Another four hour drive back to Kamembe, two hours in the dark along unlit roads with lots of people walking - have no idea how they can see anything but guess their eyes are better adjusted to the dark than ours are.

I thought last week’s visit to Kanzu, another remote parish, was quite a challenging drive but yesterday’s certainly beat it. But, there is something wonderful going to these remote churches – the simple buildings with corrugated iron roofs, mud floors, young children crawling and walking around the make-shift platform as TB is in mid-flow and mothers breast feeding their children! It all feels very raw but worship is wonderful (despite yesterday’s loud speaker blaring out to a crowd outside the church) and the opportunity to hear a musungu speaker brings in a few extra people – think TB is going to take “my musungu” (as he affectionately calls me) to a few more churches to get the numbers up.

Come to see the musungu in church

Earlier in the week, I went up to Kigali for a night.  Opportunity to have my first bath in about five weeks (don’t worry I have been taking showers!) and a look in a decent mirror, in decent light to see a much slimmer Jonathan with a mop of wild hair.  Managed to find a hair salon in hotel next door to got a hair cut, much to amusement of Rwandese ladies who were all having their hair done. Without my glasses it was difficult to see what was coming off and tried not to worry about the large chunks of hair on the gown but came out with a not too bad hair-cut and looking a bit more respectable.

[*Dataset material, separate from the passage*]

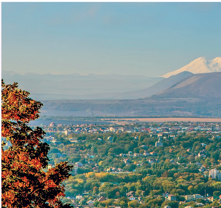
Вид на Эльбрус

бразной сытной кухней, которая понравится так сильно, что после возвращения в родной город вы будете искать рестораны с кавказскими блюдами и кавказскими поварами. Цены региона порадуют любого путешественника, и поездка выйдет довольно дешевой, зато впечатления останутся в памяти навсегда. Альпийские луга с пасущимися на них барашками

My emotions, like the hills, have been up and down this week.  Think a combination of tiredness, had to meet a team from the UK who arrived at midnight on Monday in Kigali and didn’t get to bed until 2am and then early start and six hour drive back to Kamembe on Tuesday, combined with the challenges of being here has kicked-in.  Have to admit there has been some tears (for the first time I’ve been here) this week as well as feelings of frustration, impatience and, at times, anger. However, next moment I can find myself laughing and also humbled by the people here.

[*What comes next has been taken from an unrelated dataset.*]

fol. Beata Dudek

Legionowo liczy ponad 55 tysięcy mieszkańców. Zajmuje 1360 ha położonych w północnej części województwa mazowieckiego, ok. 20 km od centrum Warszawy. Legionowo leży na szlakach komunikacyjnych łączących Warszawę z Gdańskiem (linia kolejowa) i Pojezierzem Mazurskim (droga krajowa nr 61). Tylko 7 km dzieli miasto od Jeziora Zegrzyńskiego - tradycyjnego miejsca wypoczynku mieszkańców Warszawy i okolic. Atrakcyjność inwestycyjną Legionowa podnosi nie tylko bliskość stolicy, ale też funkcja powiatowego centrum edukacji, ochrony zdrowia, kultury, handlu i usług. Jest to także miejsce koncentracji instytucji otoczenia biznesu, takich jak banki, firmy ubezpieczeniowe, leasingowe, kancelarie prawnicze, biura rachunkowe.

I returned late to the house the other evening after getting caught up in a situation at the clinic, where two doctors from the UK are working for a few weeks, when we got into a long discussion with local nurses about the condition of a very sick baby and whether it should stay in the clinic, which has limited hospital facilities, or be taken to the local hospital in town where it could be properly treated.  In the end, we managed to persuade the local nurses to call an ambulance to take the baby to hospital, as the UK doctors were worried that the baby may not last the night.

Getting back to the house, I was desperate just to get in and go to bed when I noticed in the shadows, on the terrace, there were two people waiting for me who turned out to be Christian and Jimmy, two sons of Leocadie (who I mentioned in an earlier post). They had brought me six fresh eggs from their chicken – a thoughtful and generous gift, as I know they need eggs for their family. Had a nice long chat with confident Christian who speaks very good English whilst his brother, Jimmy, sat there rather shyly but it was a lovely end to a trying day.

That was until I discovered a huge spider in the shower tray. Tried to capture it in an empty Blue Band tub but it wasn’t having any of that so, sorry spider lovers, turned the shower on and flushed it down the plug-hole.

I’ve still got a lot to understand here.  Why the Rwandese do things in the way they do and why they don’t do things at all!  Once I’ve understood this, I think things will get easier as I am finding it hard at the moment to progress anything – so many things just get forgotten so I’m trying to introduce a bit more accountability and some musungu ways of doing things. We’ll see!

P.S. The baby taken to the hospital is fine but the two doctors sadly had to tell a mother that her very sick baby, who she had brought to the clinic today, was going to die so high emotions all round.